When an accident occurs outside a business on a walkway, it can be initially difficult to tell who is responsible for a walkway when there are hazards. A recent Appeals Court case, Halbach v. Normandy (15-P-1500), discusses how liability is determined when the sidewalk right outside a business actually belongs to the city or another property owner. In this case, the injured man suffered serious injuries after he fell on uneven pavement outside a parking garage.  The sidewalk was public property. The building was maintained by a separate group, which the injured man alleged was responsible for repairing the sidewalk or warning pedestrians of any hazard.

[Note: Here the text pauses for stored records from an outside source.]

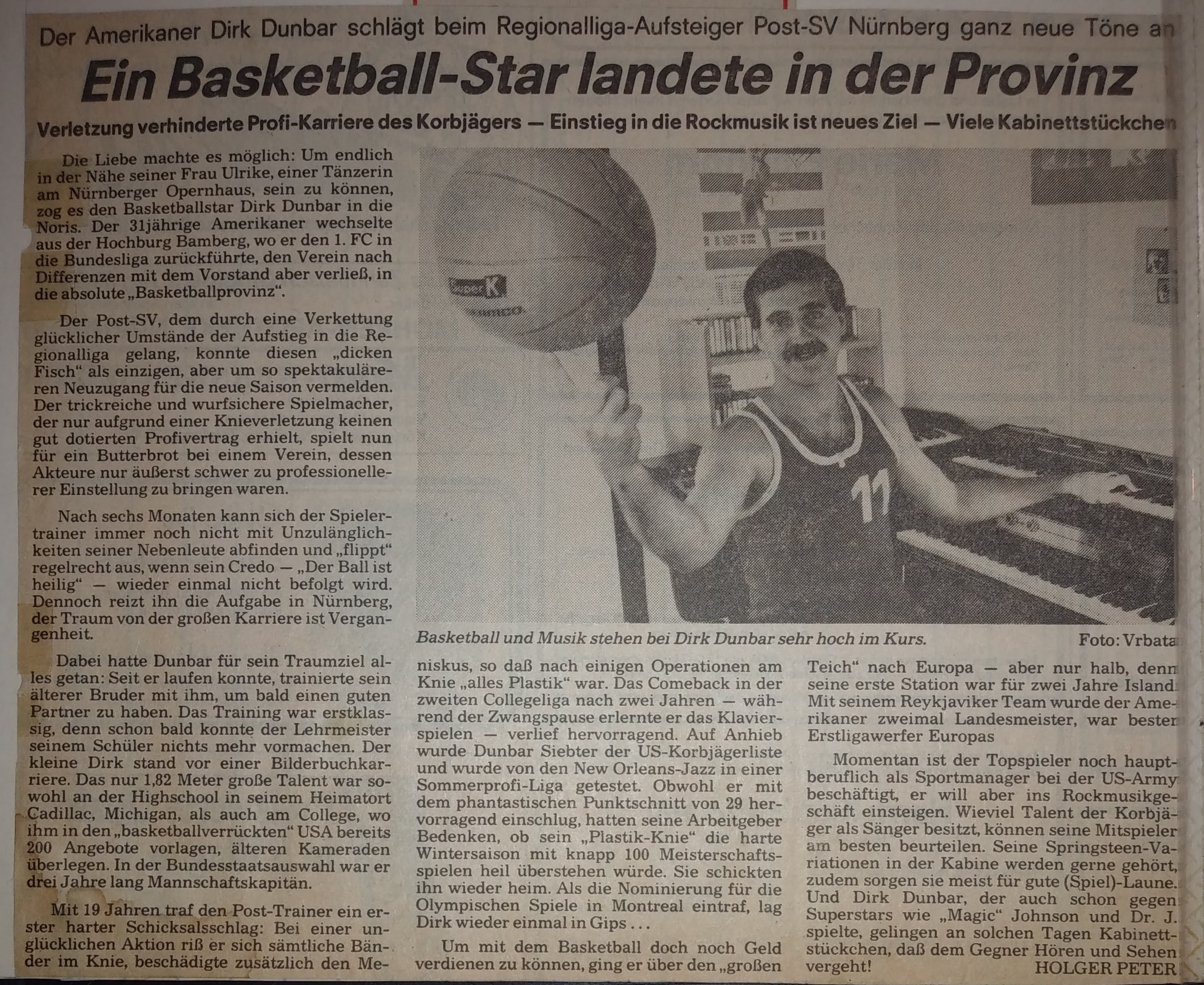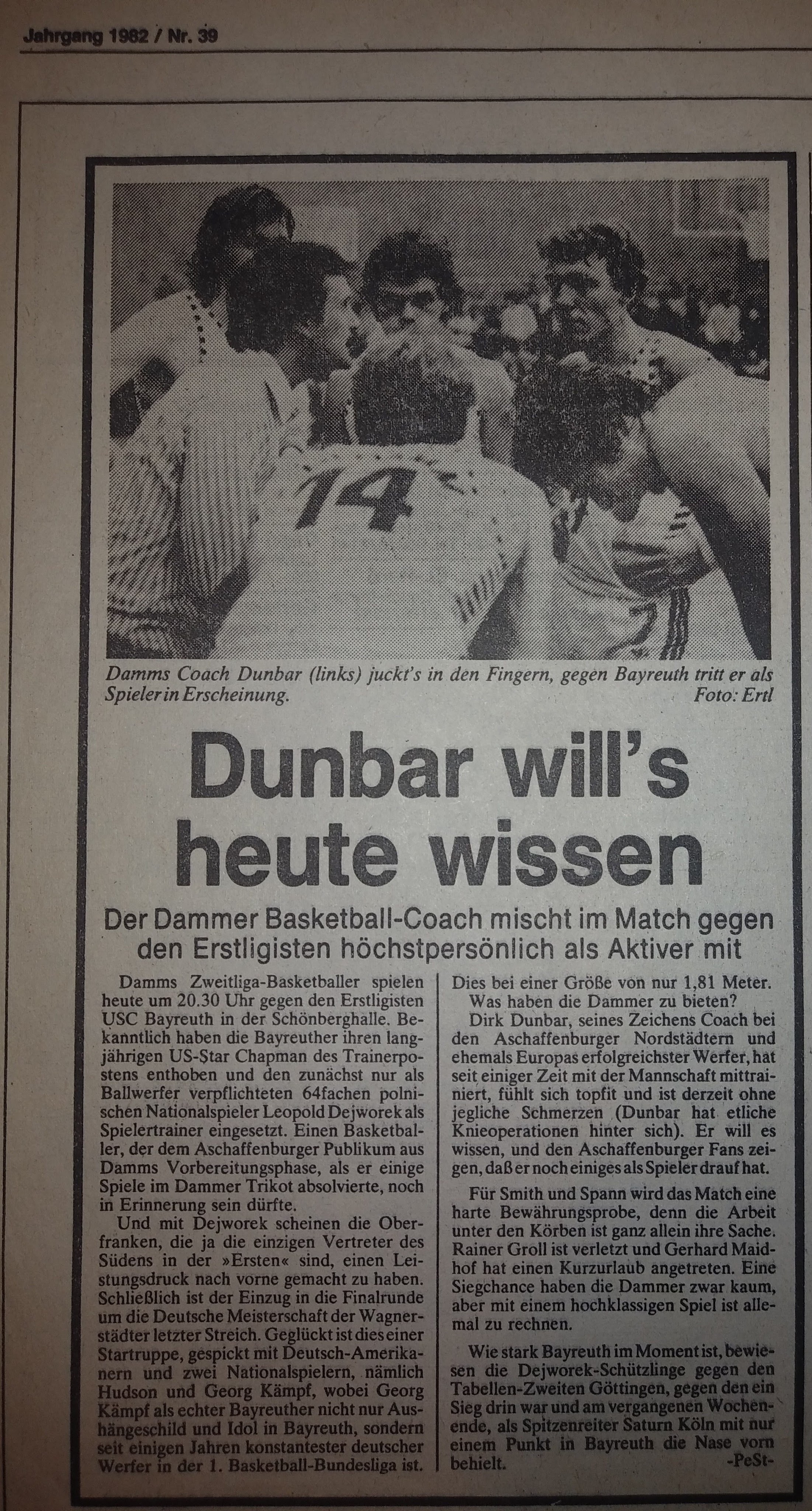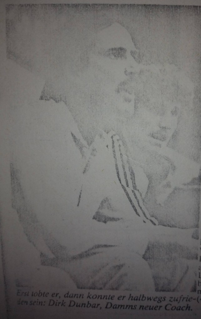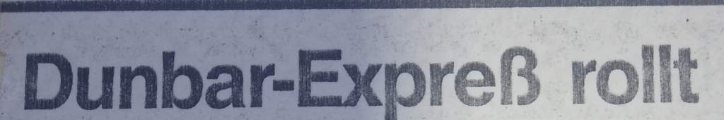 We had a great preseason, both on and off the court, but when Augsburg nailed us by 16 in the first game, writers welcomed us to the real world. I pointed out that the refs took away five baskets on three-second calls and said it would be a different story next time. I didn’t mention that I should have had ten more free throws. Instead, I ended up with two tic-tac technical fouls and was kicked out in the second half after scoring 35. Everyone knew, especially my teammates, that we would never go down without a fight. “Dunbar Shoots down Breitengussbach” was the Bayern headlines after I scored 43 in the next game, which we won by four. I had three of my six steals in the game’s last minute! We lost the next game by 3 but then won back-to-back games the next weekend, in which I scored 43 and 45. The headlines of a South-German press release covering all Regionalliga games stated, “The Dunbar-Express Rolls” (a nickname that stuck). I scored 45 again in the next game, a big road win, and the Nurnberger News headlines suggested that I “Played the Tall Guys Dizzy,” and the first sentence said I left our fans screaming and the hometown fans shaking their heads. We beat Gersthofen (the other team that advanced into our league) by 25 the next game and I had 42 despite sitting most of the second half.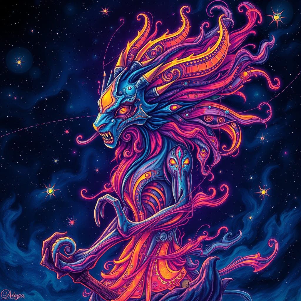 This vibrant, holographic illustration of a wild spirit captures the essence of mystical, otherworldly energy, blending traditional and digital media in a dynamic, cosmic scene with neon accents and ethereal textures.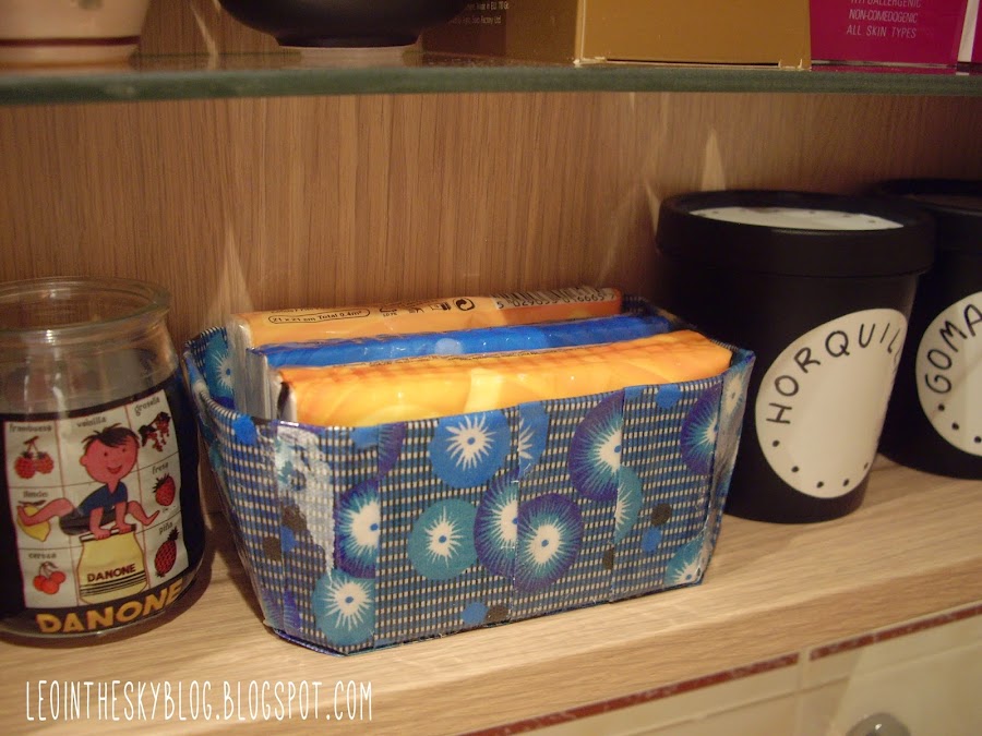 Esta la uso en el armarito del baño para tener a mano unos cuantos pañuelos de papel:

The managing company moved to dismiss, and the trial court granted it. To prove negligence occurred, one must show that a duty existed under the law. Under premises liability case law, the owner or manager of a business must use reasonable care to protect guests from harm. However, the scope of the duty created only extends to areas for which the business is actually responsible. The lower court ruled in this case that the managing company did not owe a duty to the injured pedestrian. The appellate court looked at whether the lower court was correct in its determination and also addressed whether the scope of the duty should be extended.

The injured pedestrian tripped and fell near a garage. The pavement was uneven on the sidewalk owned by the city, which was adjacent to the garage maintained by the defendants. After the accident, the managing company hired someone to grind down the uneven pavement. The injured pedestrian initially argued that the managing company exercised control over the sidewalk, and because of this control, it owed a duty to the injured party. The Appeals Court pointed out that the duties of an owner of property abutting a sidewalk or another public way are limited. Case law states that an owner cannot create a hazardous condition that could interfere with travel but does not have an affirmative duty to keep a public sidewalk clear.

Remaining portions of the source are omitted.